Separate liveness (/health) from readiness (/health/ready). Liveness tells the orchestrator the process is alive. Readiness tells it the app can handle requests (database is connected, migrations are done, etc.).

Environment Configuration

Never hardcode secrets or configuration. Use environment variables with Pydantic Settings.

# app/config.py
from pydantic_settings import BaseSettings
from functools import lru_cache

class Settings(BaseSettings):
    # Application
    app_name: str = "FastAPI App"
    debug: bool = False
    environment: str = "production"

    # Database
    database_url: str
    db_pool_size: int = 20
    db_max_overflow: int = 10

    # Security
    secret_key: str
    access_token_expire_minutes: int = 30
    allowed_origins: list[str] = ["https://app.example.com"]

    # External services
    redis_url: str = "redis://localhost:6379"
    sentry_dsn: str = ""

    model_config = {
        "env_file": ".env",
        "env_file_encoding": "utf-8",
    }

@lru_cache
def get_settings() -> Settings:
    return Settings()
# app/main.py
from app.config import get_settings

settings = get_settings()
app = FastAPI(title=settings.app_name, debug=settings.debug)

Docker Compose for Local Development

# docker-compose.yml
services:
  api:
    build:
      context: .
      target: production
    ports:
      - "8000:8000"
    environment:
      - DATABASE_URL=postgresql+asyncpg://postgres:postgres@db:5432/app
      - SECRET_KEY=dev-secret-key-change-in-production
      - REDIS_URL=redis://redis:6379
      - ENVIRONMENT=development
    depends_on:
      db:
        condition: service_healthy
      redis:
        condition: service_started

  db:
    image: postgres:16-alpine
    environment:
      POSTGRES_DB: app
      POSTGRES_USER: postgres
      POSTGRES_PASSWORD: postgres
    volumes:
      - postgres_data:/var/lib/postgresql/data
    healthcheck:
      test: ["CMD-SHELL", "pg_isready -U postgres"]
      interval: 5s
      timeout: 5s
      retries: 5

  redis:
    image: redis:7-alpine
    volumes:
      - redis_data:/data

volumes:
  postgres_data:
  redis_data:

Startup Script with Migrations

Run database migrations before starting the server.

#!/bin/bash
# scripts/start.sh
set -e

echo "Running database migrations..."
alembic upgrade head

echo "Starting Gunicorn..."
exec gunicorn app.main:app -c gunicorn.conf.py

Update the Dockerfile CMD:

COPY scripts/ ./scripts/
RUN chmod +x scripts/start.sh

CMD ["./scripts/start.sh"]

Using exec replaces the shell process with Gunicorn, so signals (SIGTERM for graceful shutdown) reach Gunicorn directly.

Graceful Shutdown

FastAPI’s lifespan events handle cleanup when the server stops.

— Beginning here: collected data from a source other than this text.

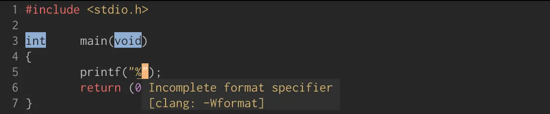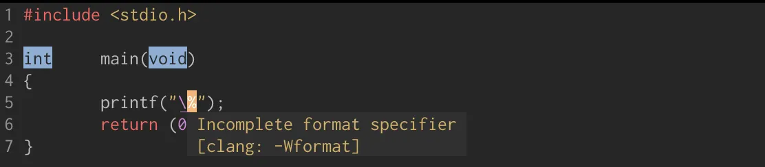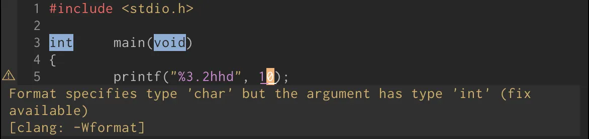 type 필드의 d 옵션 앞에 hh라는 length 옵션이 붙으면 signed char로 인식하게 된다. 하지만 signed char 범위 내에 있는 값을 printf의 가변 인자에 넣어주면 아래와 같이 경고가 발생하는 것을 알 수 있다. (컴파일 시 경고 허용을 하지 않으면 컴파일이 되지 않는다.)
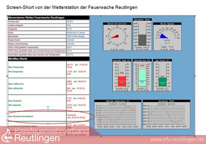 Screen-Short von der Wetterstation der Feuerwache Reutlingen
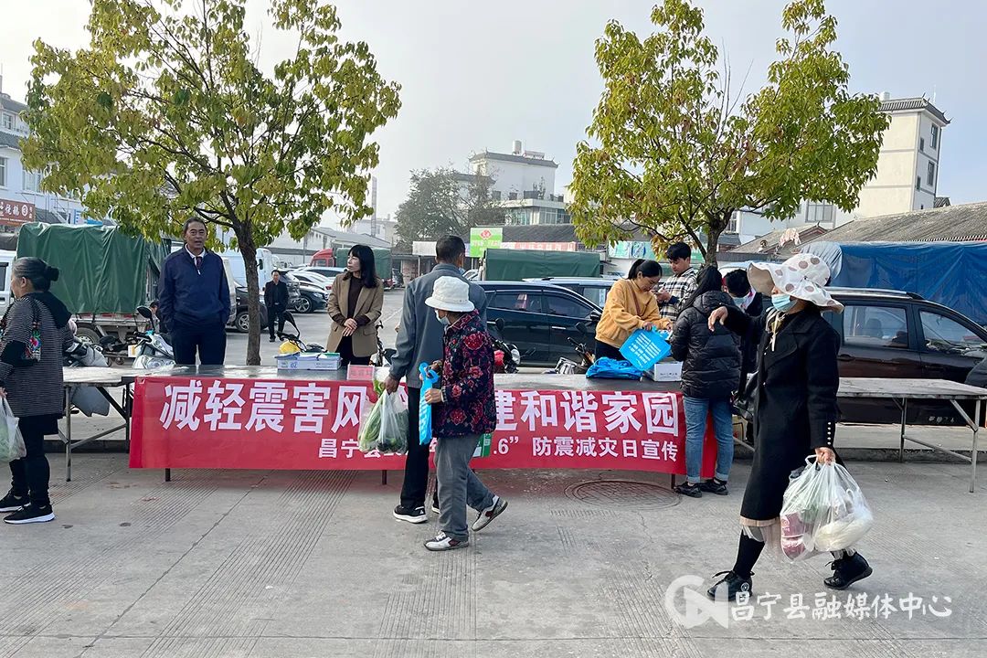 11月7日,昌宁县在县城南小区集贸市场开展防震减灾宣传周活动,普及防震减灾、避险和自救知识,切实提高广大人民群众的防震减灾意识。
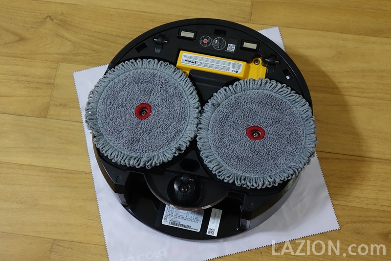 앞에서도 잠깐 이야기했지만 물걸레 전용으로 나온 만큼 M9은 물걸레도 큼지막한 것 두개를 쓰는데, 그런 김에 아예 로봇청소기 본체 자체의 구동도 걸레의 회전로 해버립니다.
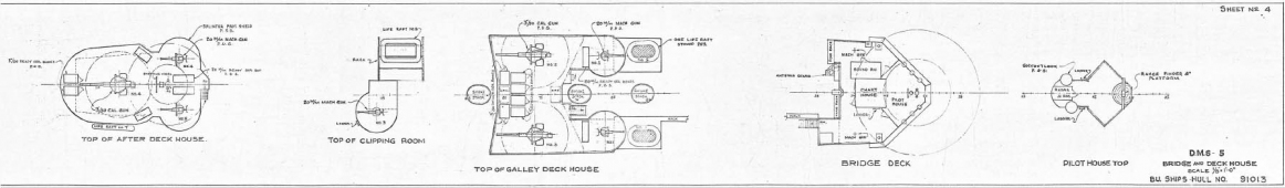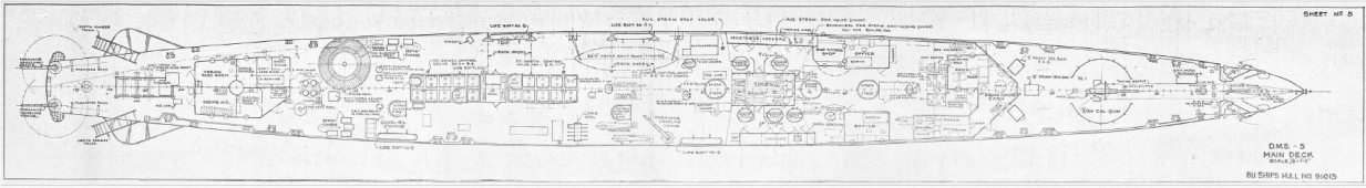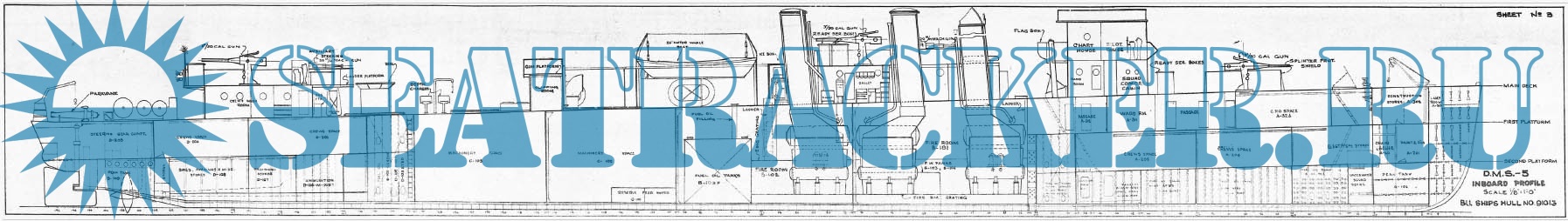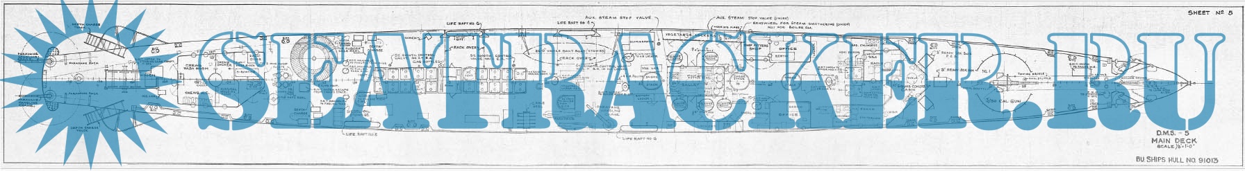 8 листов чертежей эсминца США DMS-5 (ex DD-161) - USS Palmer (тип «Wickes») на 1943 год.Скриншоты
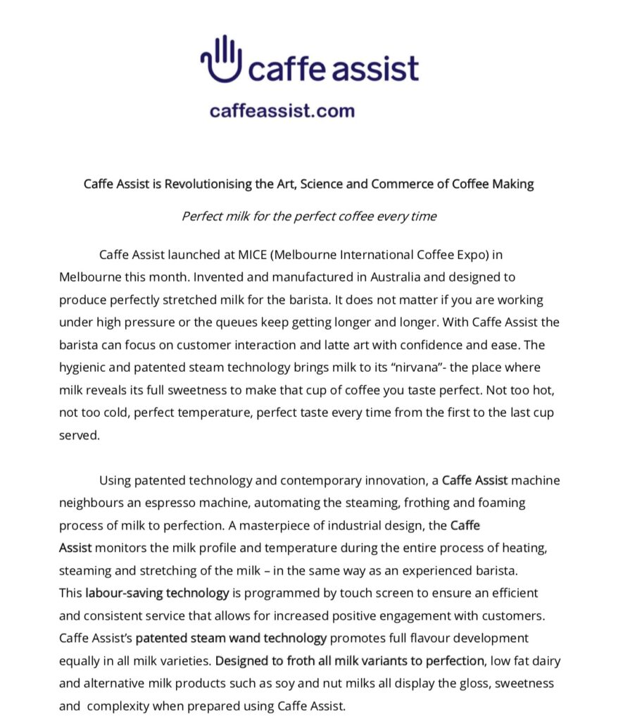 Photos and videos are on instagram @caffeassist and website and more available upon request.

from contextlib import asynccontextmanager

@asynccontextmanager
async def lifespan(app: FastAPI):
    # Startup
    print("Starting up: initializing connections")
    app.state.db_pool = await create_pool()
    app.state.redis = await create_redis_connection()
    yield
    # Shutdown
    print("Shutting down: closing connections")
    await app.state.db_pool.close()
    await app.state.redis.close()

app = FastAPI(lifespan=lifespan)

Gunicorn sends SIGTERM to workers during shutdown. The graceful_timeout setting in gunicorn.conf.py controls how long workers have to finish in-flight requests.

Production Checklist

Before deploying, verify these items:

# Disable docs in production
app = FastAPI(
    docs_url="/docs" if settings.debug else None,
    redoc_url="/redoc" if settings.debug else None,
)
  • Debug mode is off
  • API docs are disabled or protected
  • CORS origins are restricted to your domains
  • Secrets come from environment variables, not code
  • Database connection pool is sized for your workload
  • Health check endpoints are implemented
  • Structured logging is configured
  • Error monitoring (Sentry) is connected
  • Docker image runs as non-root
  • Graceful shutdown is handled

Key Takeaways

Production FastAPI deployment centers on Gunicorn managing Uvicorn workers behind a reverse proxy. Use multi-stage Docker builds to keep images small and secure. Configure worker count based on CPU cores, run as a non-root user, and implement both liveness and readiness health checks. Keep configuration in environment variables with Pydantic Settings, run migrations on startup, and handle graceful shutdown through lifespan events. This setup scales from a single container to Kubernetes without architectural changes.